On 11 Nov 2008, at 22:33, Brian Stansberry wrote:
We just found an intermittent failure in the EJB3 testsuite[1]
that's more a JBC or JGroups issue. This is with JBC 3.0.0.CR4 and
JG 2.6.6. I'm speculating it relates to FLUSH work Vladimir's been
doing[2][3].
Issue is an inability to replicate a put:
Caused by: org.jboss.cache.lock.TimeoutException: State retrieval
timed out waiting for flush unblock.
at
org.jboss.cache.RPCManagerImpl.callRemoteMethods(RPCManagerImpl.java:
455)
at ....
org
.jboss
.cache
.invocation.CacheInvocationDelegate.put(CacheInvocationDelegate.java:
560)
at
org
.jboss
.ha
.cachemanager
.CacheManagerManagedCache.put(CacheManagerManagedCache.java:285)
at
org
.jboss
.ejb3.cache.tree.StatefulTreeCache.putInCache(StatefulTreeCache.java:
511)
at
org
.jboss
.ejb3.cache.tree.StatefulTreeCache.create(StatefulTreeCache.java:123)
... 70 more
Looking at RPCManagerImpl.java:455 we have:
if (channel.flushSupported() && !
flushBlockGate.await(configuration.getStateRetrievalTimeout(),
TimeUnit.MILLISECONDS))
{
throw new TimeoutException("State retrieval timed out waiting for
flush unblock.");
}
Basically, failing on flushBlockGate.await(). Looking at use of
flushBlockGate, the gate is closed in block() and opened in
unblock(). *Assuming* no bug in ReclosableLatch, seems like block()
is getting called here with no subsequent call to unblock().

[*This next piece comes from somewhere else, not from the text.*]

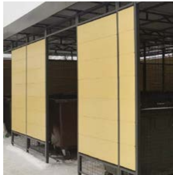
Nowa wiat śmietnikowa przy ul. Śląskiego 6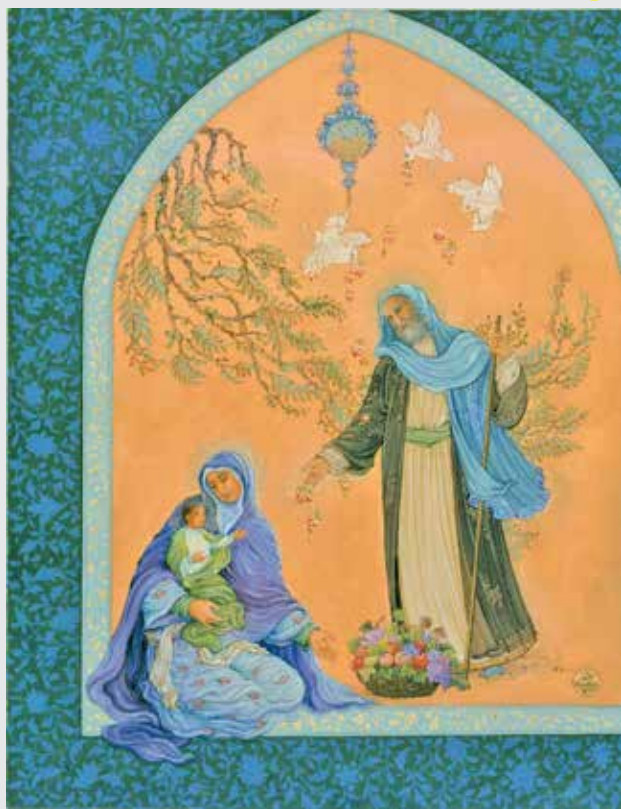
رضا پدرا السماء / نقاش و نگارگر

(Unfortunately, logs related to this failure are gone, so I can't
prove that.)
Questions:
1) Vladimir, could the JGRP-855 issue result in block() getting
called with no subsequent call to unblock(), either on the flush
coordinator or on one of the other nodes? If yes, your JGRP-855 fix
will probably fix this as well.
2) Looking at RPCManagerImpl.start(), it does a connect+state
transfer in a try/catch where any failure should result in a
CacheException being thrown from start(). That CacheException
should have prevented deployment of the ejb; i.e. the call shown in
the stack trace above shouldn't have happened. Only way I see it
could have happened is if the node that threw above exception wasn't
the flush coordinator; i.e. its cache started fine, but a problem on
another node led to its block() being called with no matching
unblock(). That's a big issue too, as it means a failure in one
node can take down the entire cluster by leaving everyone's
flushBlockGate closed.
Yes, this was always an issue with the way we used FLUSH - that
someone in the group could initiate a FLUSH and then die leaving other
members' flushBlockGates closed. TBH, apart from adding timeouts to
the flushBlockGate, I can't see how we would get around this.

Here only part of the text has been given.